> **TASK PROMPT**
Your job is to set down the stretch of entries that opens with the line containing "Nemes acél kő" and closes with the line containing "S’il n’est pas". Keep both end lines, copy each exactly, and add nothing.

> **DATASET EXCERPTS**
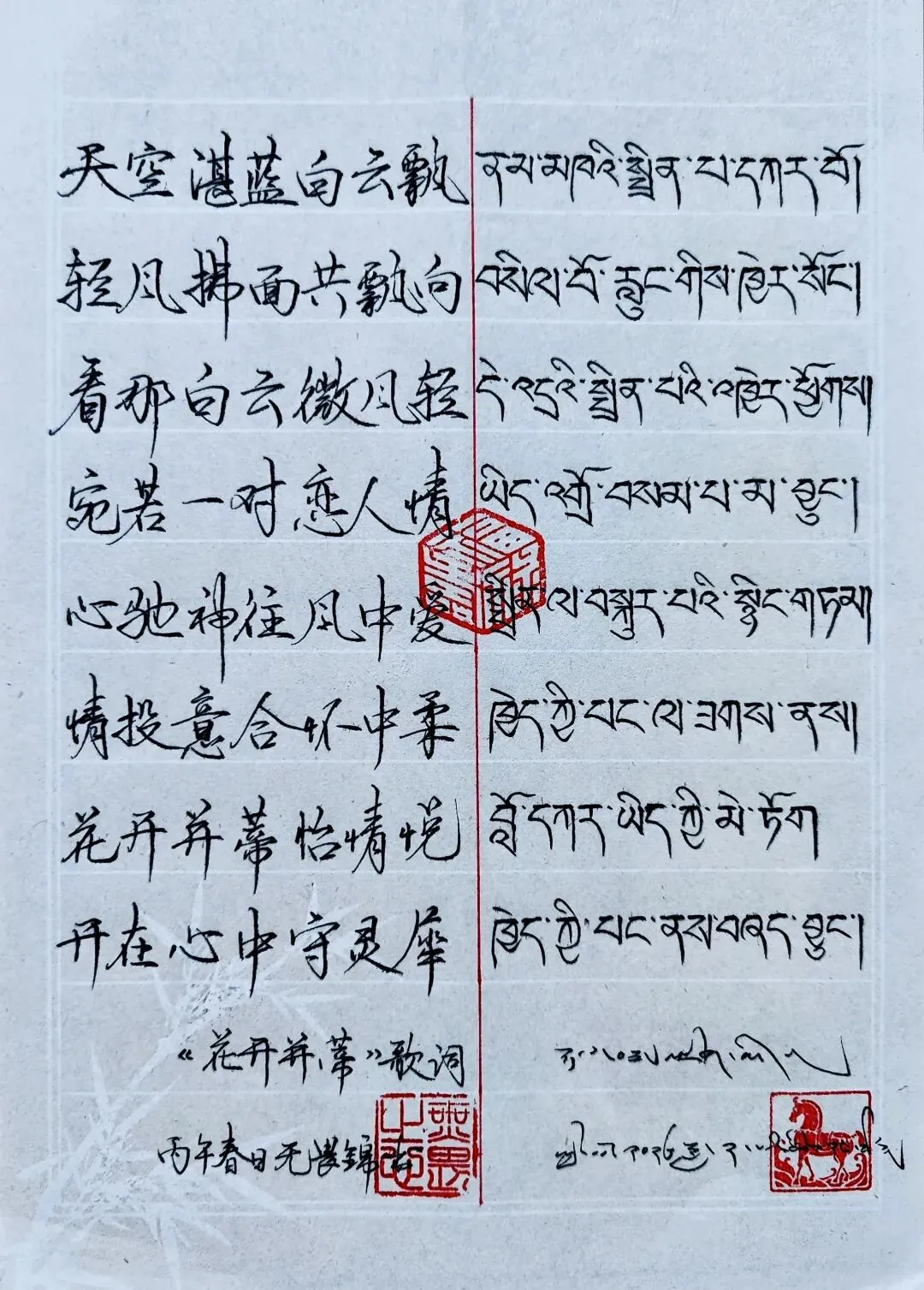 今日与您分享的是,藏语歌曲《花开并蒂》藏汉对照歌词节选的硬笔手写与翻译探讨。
...
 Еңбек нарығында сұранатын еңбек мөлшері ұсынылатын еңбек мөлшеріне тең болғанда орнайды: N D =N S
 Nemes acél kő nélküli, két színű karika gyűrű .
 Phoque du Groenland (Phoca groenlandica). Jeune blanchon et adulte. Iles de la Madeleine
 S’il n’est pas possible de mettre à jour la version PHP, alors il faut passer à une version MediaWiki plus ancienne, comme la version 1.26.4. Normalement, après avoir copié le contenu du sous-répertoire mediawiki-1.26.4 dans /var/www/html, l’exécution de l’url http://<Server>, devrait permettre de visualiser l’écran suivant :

> **ANSWER SECTION**
 Nemes acél kő nélküli, két színű karika gyűrű .
 Phoque du Groenland (Phoca groenlandica). Jeune blanchon et adulte. Iles de la Madeleine
 S’il n’est pas possible de mettre à jour la version PHP, alors il faut passer à une version MediaWiki plus ancienne, comme la version 1.26.4. Normalement, après avoir copié le contenu du sous-répertoire mediawiki-1.26.4 dans /var/www/html, l’exécution de l’url http://<Server>, devrait permettre de visualiser l’écran suivant :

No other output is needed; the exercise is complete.